We need to make a distinction about our concerns about the role of water in mixing, hydrating and curing the concrete and then our concerns about the excess water that is no longer needed and can cause us problems.  In my article about self-levelling concrete, I was mostly concerned with the problems that can develop from the excess water when final floor coverings are put on too soon.  I have clarified that in the Self Leveling Concrete article   

Yes, as Mike says you can cover concrete with plastic and it will setup, or “cure” very well.  In fact, that is often done to help it to cure in dry weather.  Mike states that the water does not leave, it becomes part of the concrete.  Here he is right in that some of the water becomes chemically part of the concrete, but certainly not all the water is absorbed by the process of hydration as Mike suggests. Importantly, it is only a small part of the initial water in the mix that is actually taken in as part of the final chemistry of hydrated concrete. 

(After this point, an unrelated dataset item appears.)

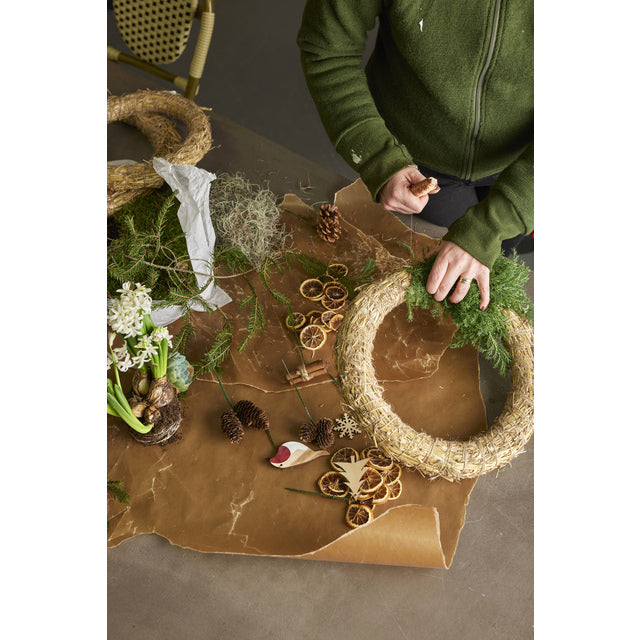 Størrelsen på 20 cm gjør den ideell til mindre dørkranser, borddekorasjoner, adventsarrangementer, blomsteroppsatser og sesongpynt. Halmoverflaten gir god festeevne for materialer som granbar, mose, tørkede blomster, bånd og dekorartikler.

My focus was that after the chemistry has done its job, the vast majority of the water in the initial mix needs to evaporate or dry out – or at least come to equilibrium with the environment.  For example, to avoid wood rot, after pouring a basement foundation wall for an ordinary residential basement there remains about 600 gallons of water that needs to evaporate to get the concrete to the same moisture content state as the studs and floor joists of the house.  That is a problem when we finish the basement only weeks after pouring the concrete.  However, a concrete pillar sitting in a lake is quite happy being saturated forever by the lake.  The concrete doesn’t care about its moisture environment but a house in contact with this concrete does care.  Once the H2O uptake by the chemical process is finished, the concrete is hydrated or cured and the rest of the water that helped create a fluid environment for the process needs to be dealt with.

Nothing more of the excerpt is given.